And I am a planner. So I plotted my career. And at age 12, I was going to be an astronaut, get a degree in astronomy. And then I ended up stumbling into an audition in high school for a play.
And so all of a sudden, I had these two loves, astronomy and acting. And it wasn’t until I got to college when it became clear that it was important to choose one thing. I started in astronomy, then waffled over to acting because the astronomy route got a little bumpy. And I did acting.
And then that didn’t feel like it was fully me. And the book is really this journey of acceptance of both of those parts of myself and that maybe it was important for me to choose for a while. But I knew that both of those things needed to be a part of my life for me to feel fully whole.
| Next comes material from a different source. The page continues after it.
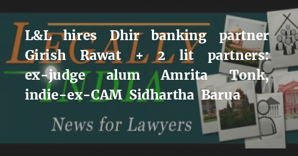 L&L hires Dhir banking partner Girish Rawat + 2 lit partners: ex-judge alum Amrita Tonk, indie-ex-CAM Sidhartha Barua

And that’s really the ultimate message that there really is no one way to live a life.
SWAPNA KRISHNA: After years of acting, you went back to school to get your PhD and one thing you said in your book that really struck me was you were thinking about how you were going to be 40 by the time you were done with your PhD. And you kind of said to yourself, well, I’m going to turn 40 anyway. I might as well do it with a PhD.
I think that’s such a cool way to think about it. It’s never really occurred to me. I’m going to be that age anyway, might as well get the thing I want to get along the way. What was it like to go back to school after all those years away?
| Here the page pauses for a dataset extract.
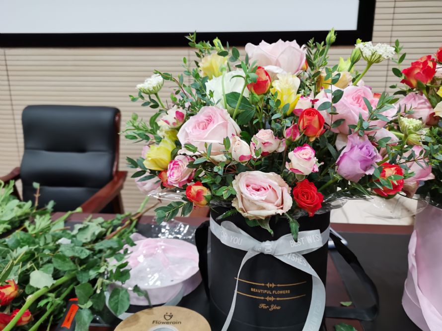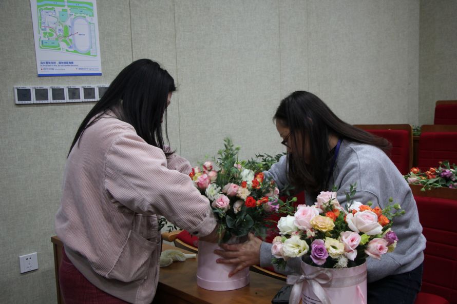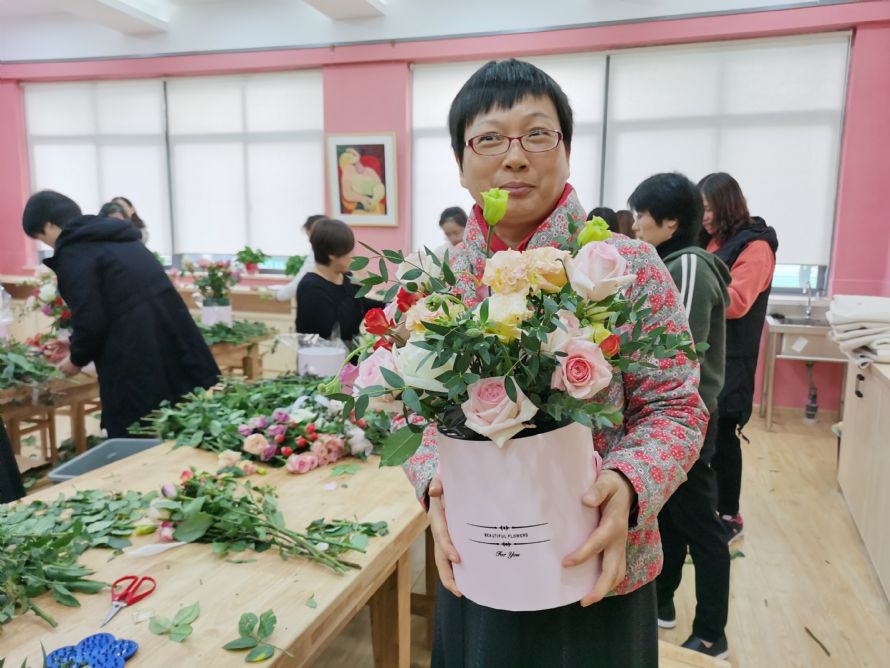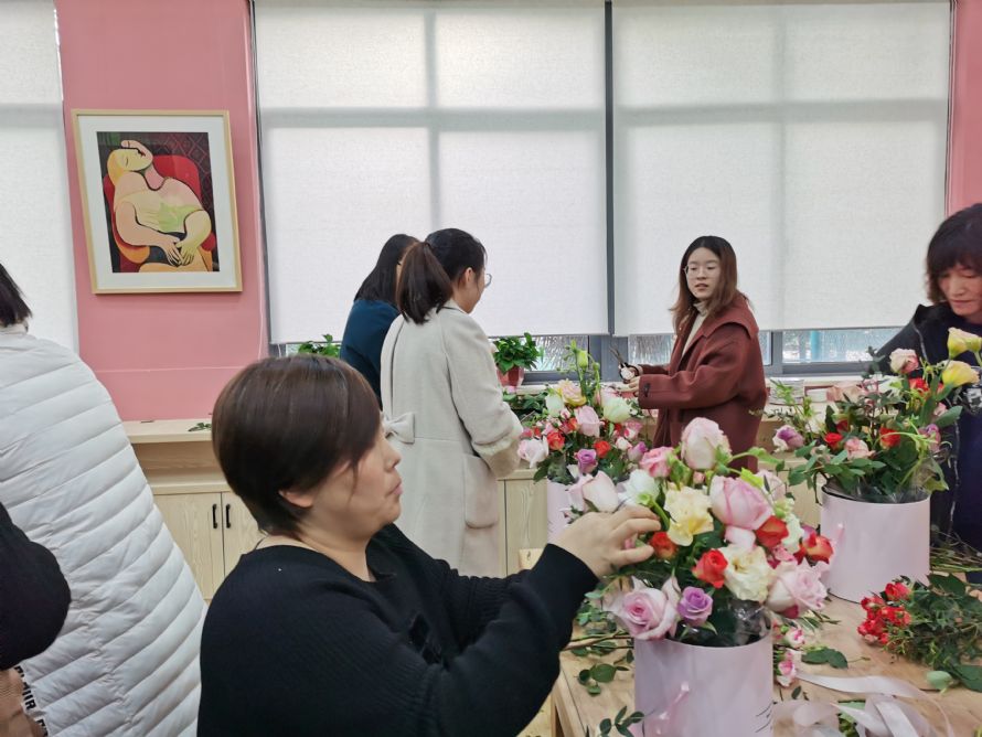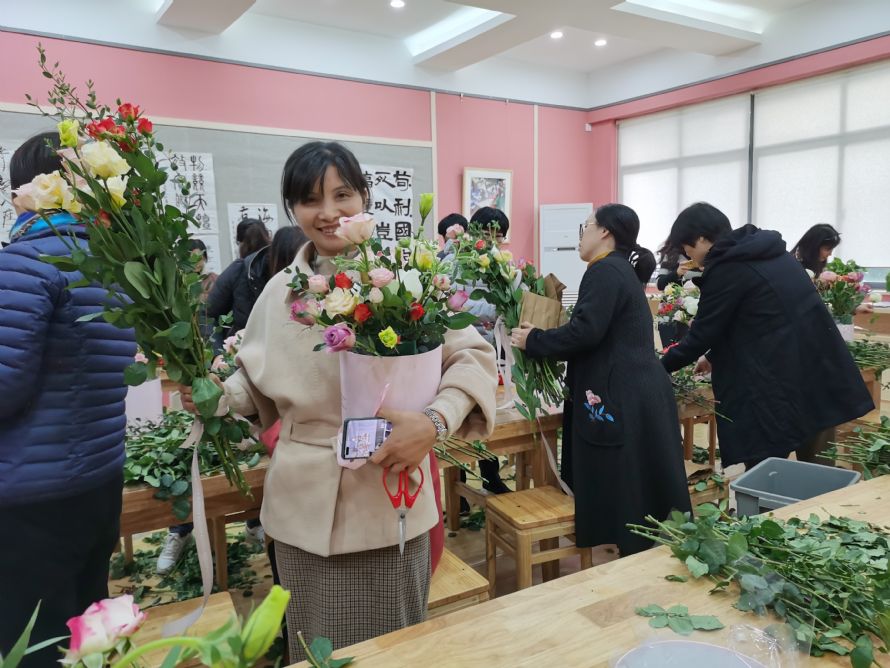 经过约1小时的劳动,一桶桶花束跃然眼前。每份作品虽然制作方式大同小异,但是最终呈现的模样却是千姿百态。劳动是辛苦的,成果是丰硕的,结果是喜人的,抱着精美花束的每位教师脸上的笑容就是最佳的注脚。

AOMAWA SHIELDS: Oh, my gosh. It was hard, in one word, hard, and at the same time, in a different way, simple. And what I mean by that is the first time around I started this PhD program at, first, right out of undergrad, and that, did one year. And then I switched to acting. And during that one year, I was incredibly divided. And there was so much going on in my head.
The second time around, over a decade later, when I came back at the age of 34, I knew exactly what I wanted to do. But it was hard because a lot of the obstacles were internal obstacles. There were messages that I was telling myself about who I was as an older African-American astronomy graduate student in a field that was predominantly white and predominantly, where my cohort, they were all much younger than me.
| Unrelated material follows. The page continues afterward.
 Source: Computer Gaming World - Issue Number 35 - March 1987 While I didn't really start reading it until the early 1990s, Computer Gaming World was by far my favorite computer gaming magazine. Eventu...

SWAPNA KRISHNA: One of the things I love about your book– and there are many things I love about your book– you always have a space analogy for the feelings you write about. In space terms, is there a way you would describe that feeling of going back to school?
AOMAWA SHIELDS: The Big Bang.
[LAUGHTER]
And think I also described later in life, much, much later, a few years ago, getting tenure at my institution. Also it’s like these big moments of really fully feeling all of the molecules in my body almost individually. Whenever I have that moment, it feels like the Big Bang, which is that the beginning of the universe, when it’s just like everything is an explosion of light, and matter, and heat, and energy. And that’s how it felt.
SWAPNA KRISHNA: I want to talk about your research a little bit. You ask a huge question, both in the book and in your field of study. And it’s one we’re all dying to know the answer to– are we alone in this universe? How do you even go about answering that?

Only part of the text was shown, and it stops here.